For the data that follows, print the line with "Spacious 5 bedroom", the line with "Too Many Bones", and all lines between them, exactly as they stand. Omit pictures and add nothing.

__PROVIDED MATERIAL__
....

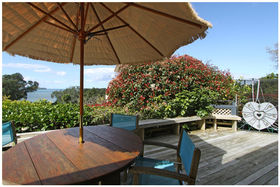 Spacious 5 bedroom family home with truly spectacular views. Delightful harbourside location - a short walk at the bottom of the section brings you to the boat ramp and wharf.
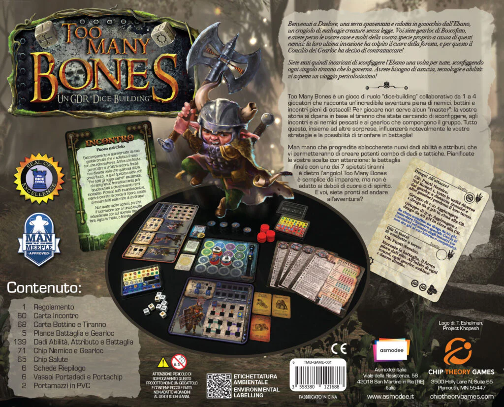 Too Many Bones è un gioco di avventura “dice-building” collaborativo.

....

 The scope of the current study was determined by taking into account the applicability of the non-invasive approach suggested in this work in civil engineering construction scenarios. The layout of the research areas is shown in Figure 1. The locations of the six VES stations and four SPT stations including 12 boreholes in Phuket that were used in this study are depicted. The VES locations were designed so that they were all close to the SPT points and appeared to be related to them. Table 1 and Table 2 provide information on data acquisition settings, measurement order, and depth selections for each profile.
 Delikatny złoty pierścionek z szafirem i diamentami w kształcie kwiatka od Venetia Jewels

....

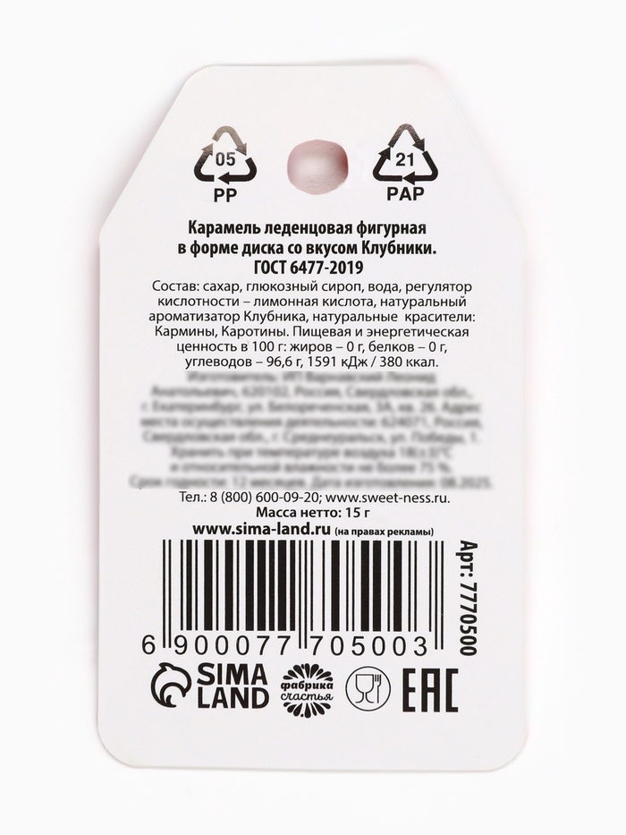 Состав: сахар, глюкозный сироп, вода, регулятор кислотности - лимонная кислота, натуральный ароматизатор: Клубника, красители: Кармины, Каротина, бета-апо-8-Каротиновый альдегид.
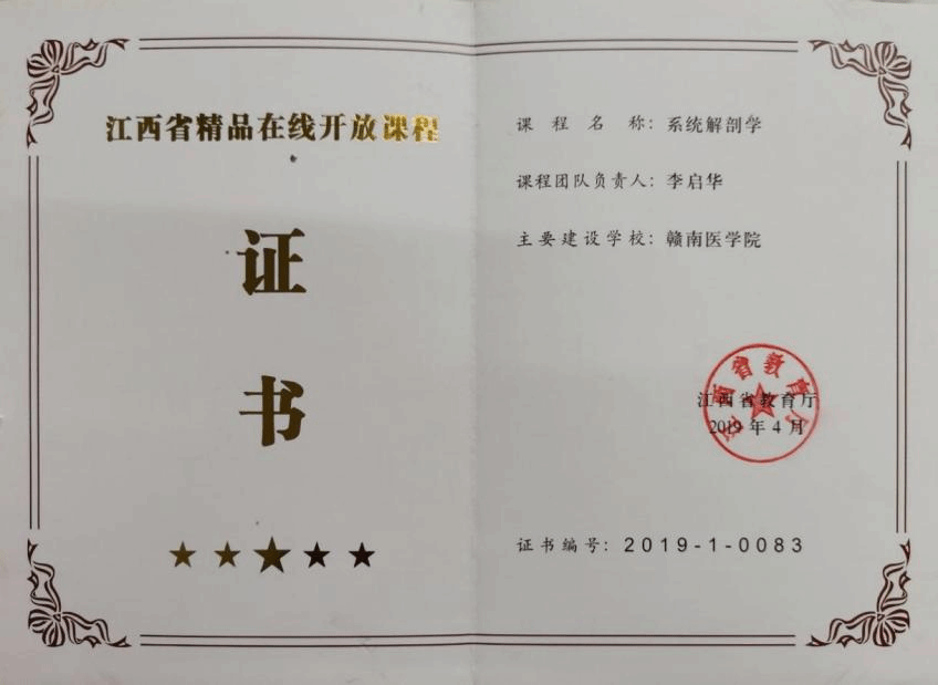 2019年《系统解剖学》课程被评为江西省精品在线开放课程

....

__RESULT OF THIS TASK__
 Spacious 5 bedroom family home with truly spectacular views. Delightful harbourside location - a short walk at the bottom of the section brings you to the boat ramp and wharf.
 Too Many Bones è un gioco di avventura “dice-building” collaborativo.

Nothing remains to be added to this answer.